Ingest Attachment processor pipeline, but without storing base64 data


(Pritish C) #1

Hi there.

We run a simple ES cluster - one shard, one node, v5.6. It contains a single index, with a single mapping containing many different fields/field types. On every object index operation, we send some attachment data in base64 format, and our Ingest pipeline processes it before its contents are analyzed and stored in a separate field. We recently ran into heavy disk space usage issues, and decided to investigate.

Based on what we found, is it possible to setup an attachment processor pipeline, defined like below -:

ES_RESUME_PIPELINE_MAPPING = {
    "description": "Extract resume information",
    "processors": [{
        "attachment": {
            "field": "resume_data",
            "target_field": "resume",
            "indexed_chars": -1,
            "ignore_missing": True
        }
    }]
}

but without keeping resume_data in the index? The reason for this is that resume_data takes up quite a bit of disk space. Additionally, it's used only once, by the pipeline during the indexing of an object. In one example, we found that the total data taken by a single object on the index was 123 KB with resume_data, and around 16KB without. That's a huge difference.

We tried by setting index=False and store=False (which is so by default, so obviously this wouldn't really work) on the field, but those options don't do what we're looking for.

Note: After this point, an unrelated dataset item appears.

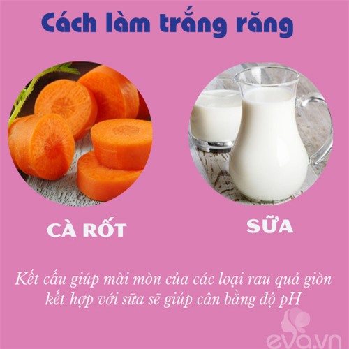 Kết cấu giúp mài mòn của các loại rau quả giòn như cà rốt, táo, ... sẽ chà và từ từ tẩy đi lớp phủ trên răng. Uống kèm theo các sản phẩm từ sữa để cân bằng nồng độ pH trong miệng sẽ giúp hàm răng trắng sáng và chắc khoẻ.

We'd really like to know if something like this was possible. If it isn't, our only other option is to empty the resume_data field somehow after it is used, but without triggering the pipeline on the emptying request.

Thanks!


(Pritish C) #2

Thanks to Xyalakant on the freenode channel, learned that I could just remove the field at the end of the pipeline. So our new processor pipeline becomes -:

ES_RESUME_PIPELINE_MAPPING = {
    "description": "Extract resume information",
    "processors": [{
        "attachment": {
            "field": "resume_data",
            "target_field": "resume",
            "indexed_chars": -1,
            "ignore_missing": True
        },
        "remove": {
            "field": "resume_data"
        }
    }]
}

This seems to solve the issue. The field goes away after the index operation.


(system) #3

This topic was automatically closed 28 days after the last reply. New replies are no longer allowed.